BEGIN RECORDS FOR THE EXERCISE
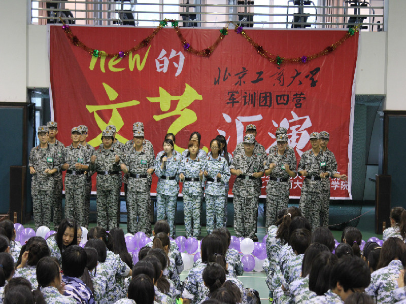 汇演在四营女生带来的舞蹈串烧中拉开帷幕。接档的是歌曲联唱《平凡之路》、《听你说》、《我的未来不是梦》。熟悉的旋律与励志的歌词将同学们的热情点燃,全场迎来了一个小高潮。随后,诗朗诵《你是人间的四月天》采用叙述的形式,再现了教官的良苦用心与同学们在军训过程中思想上的改变、成长,表达了同学们对北工商的热爱。法/马学院13级学姐与新生长笛对吹“梁祝”,悠扬的笛声令众人陶醉。在之后的拉歌环节中,同学们以饱满的热情参与其中,体现了同学们强烈的团体精神和集体荣誉感。
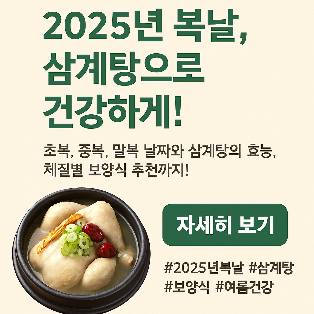 2025년 초복, 중복, 말복 날짜와 삼계탕의 효능, 체질별 보양식 추천까지! 무더운 여름, 삼계탕으로 건강하게 이겨내는 방법과 다양한 정보들을 자세히 알려드릴게요.
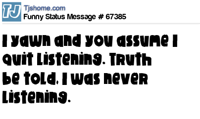 - # 148214 People assume when I yawn that I’ve lost interest in what they have to say but truth be told, I was never interested.
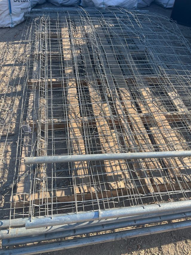 Conjunto de vallas metálicas de malla para delimitar espacios o crear cercados. - Malla de alambre galvanizado. - Estructura robusta.
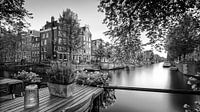Uitkijkend op de Melkmeisjes brug en de grachtengordel. Typisch Amsterdam.
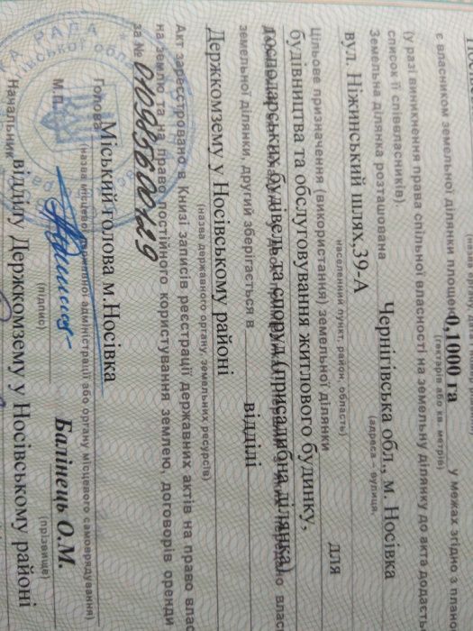 | Земельна ділянка: |
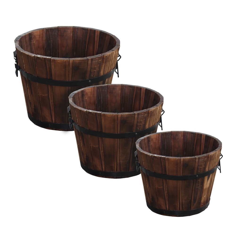 The wooden barrel flower pot is perfect for any decor, yard or garden. Constructed from 100% natural wood treated against moisture, insects and reinforced with metal rings, this vase is beautiful for many years to come. The stable construction and antique look make this vase without comparable. Give your garden simplicity and a dramatic look with Gardesign collection of products.
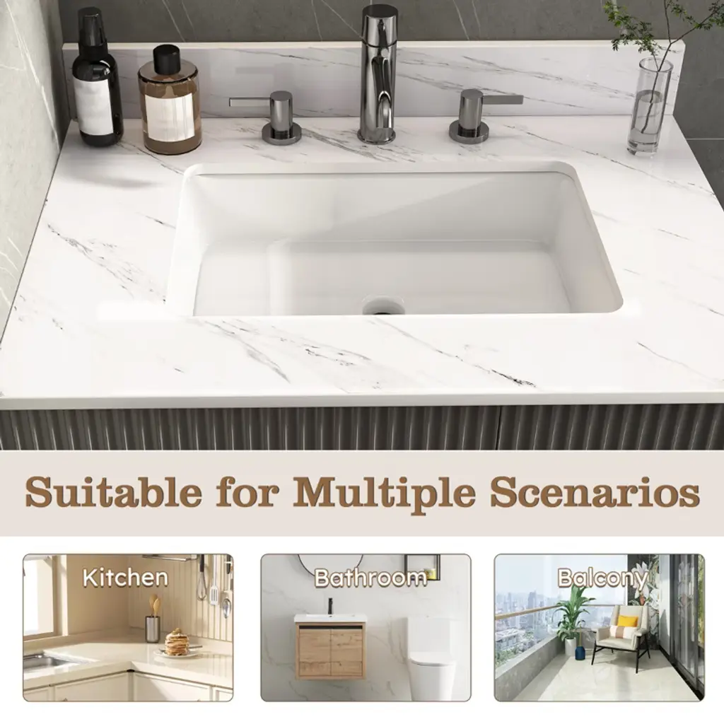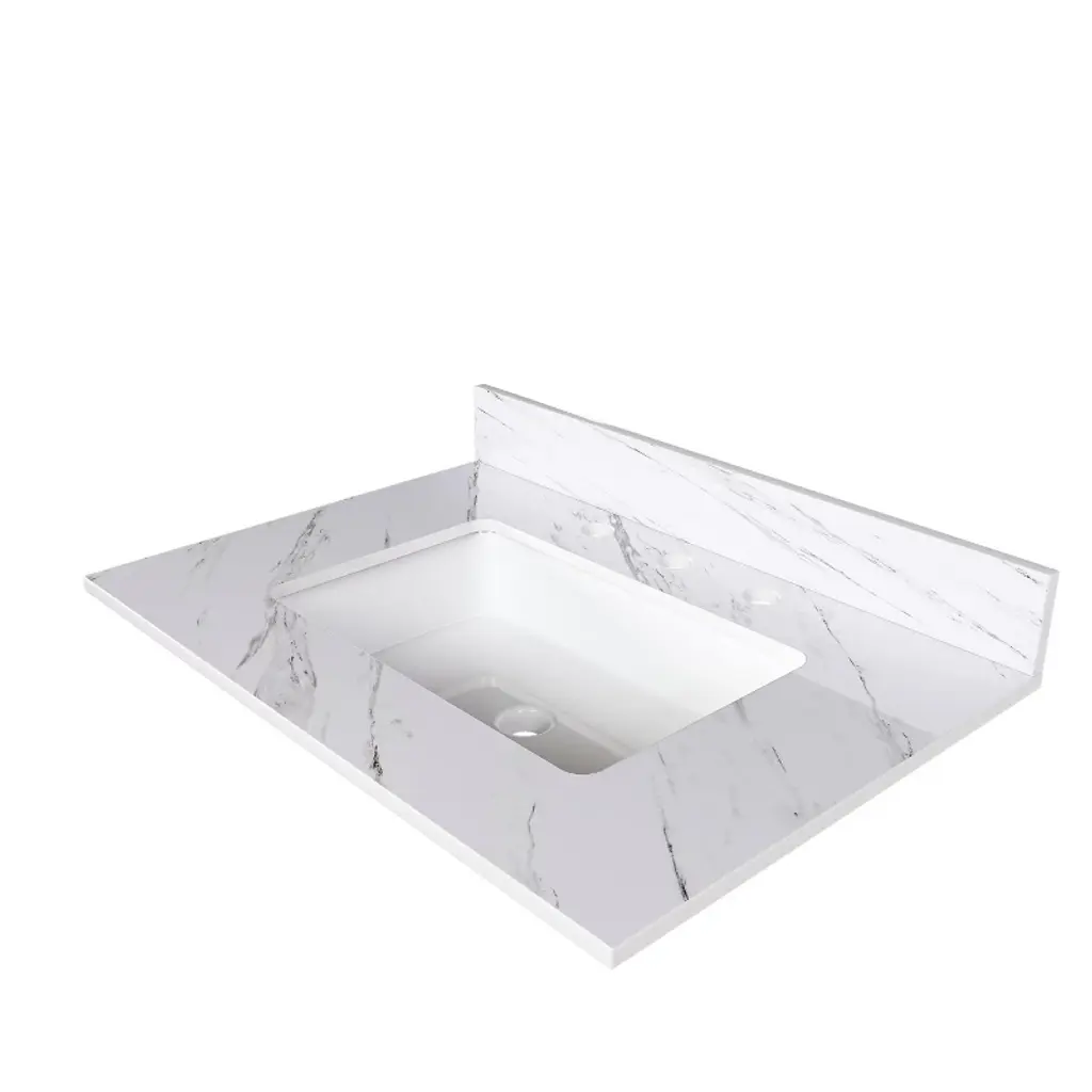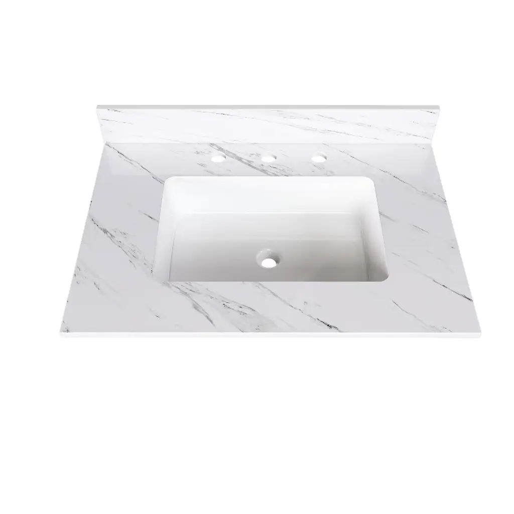 Ktmbdw 31'' Rectangular Bathroom Sink With Marble Vanity Top, 3 Predrilled Centerset And 4-inch Backsplash, Stain-resistant, Easy-to-clean- White
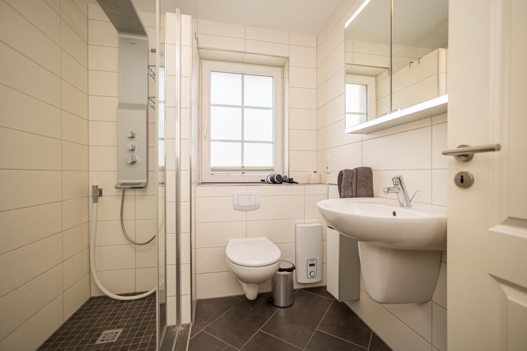 Zusätzlich zu den zwei Schlafzimmern bietet das Ferienhaus zwei Badezimmer, darunter ein bodengleiches Duschbad und ein Gäste-WC, die für den nötigen Komfort während Ihres Aufenthalts sorgen. Das Haus ist allergikergeeignet und Nichtrauchern vorbehalten, was es zu einem gesunden Aufenthaltsort macht. Zudem sind die Fußbodenheizung sowie die Waschmaschine praktische Features, die Ihren Aufenthalt noch angenehmer gestalten.
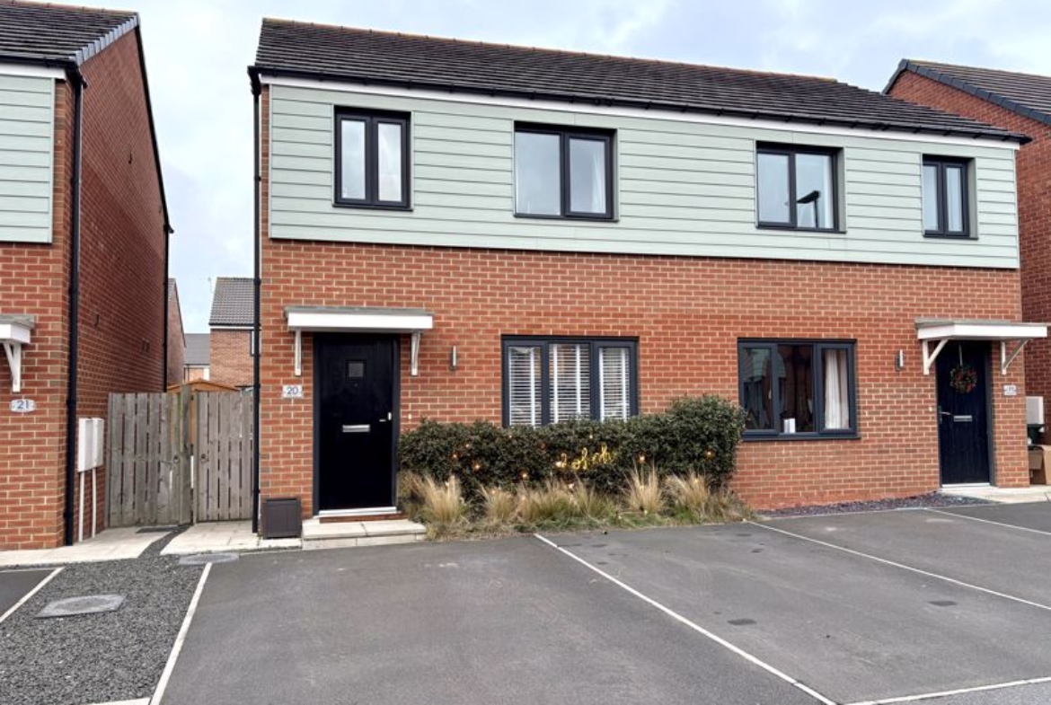 A rather special, modern three bedroom semi detached home built by Bellway in 2018 on Biscop Court. Situated in a cul-de-sac on this highly desirable development the entrance lobby gives access to a convenient guest w.c, and a fabulous spacious lounge providing a light and comfortable living space which flows seamlessly in to a stunning open plan kitchen with integral appliances. The dining area has French doors to enclosed rear garden which offers a great outdoor space for hosting summer gatherings. Upstairs there are three bedrooms en suite to master and a stylish family bathroom. To the front there is the added benefit of a double width driveway providing off street parking. A fantastic home truly worthy of an early inspection to secure.
END RECORDS FOR THE EXERCISE
Everything above from the line containing "2025년 초복, 중복, 말복" down to the line containing "Uitkijkend op de" is to be duplicated exactly, both lines included, and the pictures are to be omitted.

 2025년 초복, 중복, 말복 날짜와 삼계탕의 효능, 체질별 보양식 추천까지! 무더운 여름, 삼계탕으로 건강하게 이겨내는 방법과 다양한 정보들을 자세히 알려드릴게요.
 - # 148214 People assume when I yawn that I’ve lost interest in what they have to say but truth be told, I was never interested.
 Conjunto de vallas metálicas de malla para delimitar espacios o crear cercados. - Malla de alambre galvanizado. - Estructura robusta.
Uitkijkend op de Melkmeisjes brug en de grachtengordel. Typisch Amsterdam.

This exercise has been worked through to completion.